For oppressed minorities, the struggle for justice is often uneasy, rough, strange and dangerous.  It takes leaders who are focused, unbending, unstoppable visionaries breaking new ground as they go.  Their contemporaries often don’t appreciate the change and disruption they bring, preferring the comfort of a familiar oppressor to the freedom of new frontiers.  Harriet Tubman who ran the underground railway north for runaway slaves from the south once said, “I saved a thousand.  I could have saved a thousand more – if they knew that they were slaves.”

Similarly, in the Māori fight for justice against the thief who stole their lands, there are often unappreciated new frontiers opening up.  One such was that pioneered by Mangatū Incorporation last year which meant claimants to the Waitangi Tribunal can now have their applications for remedies heard.  It also means they are no longer forced to stay in negotiations with a thief who holds all the cards, controls all the resources and sets all the parameters for settlement.
Ngāti Kahu were the first claimant group to withdraw from negotiations and seek remedies from the Tribunal, including binding recommendations for the return of 27b properties currently held by private owners.  If they secure even one such binding recommendation, they will have successfully opened another new frontier for all claimants. 

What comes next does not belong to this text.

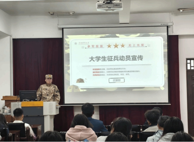 2025年11月10日,学院在博远楼103教室举行征兵宣传活动,邀请武装部王明水老师和优秀退伍复学代表王小康分享交流。王明水老师围绕应征条件、报名流程、学费补偿、升学优待等核心政策进行系统解读;王小康以亲身经历讲述军营里的成长蜕变,分享体能训练、纪律养成等鲜活故事,让在场学子直观感受军旅生活的魅力。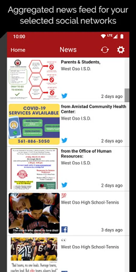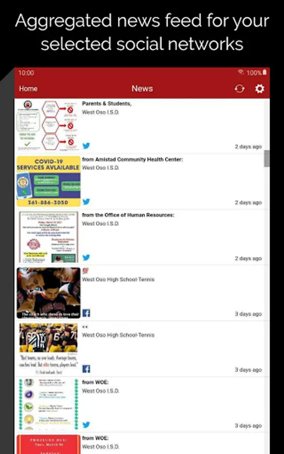 Stay informed of school announcements, activities and events at West Oso Independent School District. Select your preferred list of school social media accounts and monitor school information from many popular social networks. Transfer any activity or event directly to your Android calendar with a single tap.

This has in turn raised a number of possibilities, and on day four of last week’s hearing one of those solidified into fact with an announcement by Te Rarawa that they too were filing a claim for remedies against the Crown; but only a partial remedy for those blocks of land in the Ngāti Kahu claim area for which Te Rarawa say they also have a mana whenua interest. 
Because Ngāti Kahu have already proven that one of the seven well-founded claims in the Waitangi Tribunal’s 1977 report was WAI 22 (the consolidated claim for all five iwi), Te Rarawa can legitimately seek remedies.  Indeed, so too can Ngāitakoto, Te Aupōuri and Ngāti Kuri if they want.

However Te Rarawa will first have to deal with the fact that, at this stage, the Tribunal will only consider a claim for a full package of remedies, and even then only after negotiations to settle have failed.    
Because Te Rarawa is still pushing to sign the Crown’s deed of settlement they initialled last year, some suspect that they don’t actually want remedies, and have merely lodged their claim as an attempt to deter the Tribunal from making orders in Ngāti Kahu’s favour.  However I prefer to give my Te Rarawa whanaunga the benefit of the doubt. 

In any event, even if they are not an entirely willing pioneer on this new frontier, should they be successful in gaining a hearing of their claim for partial remedies, Te Rarawa may yet contribute to opening it up further.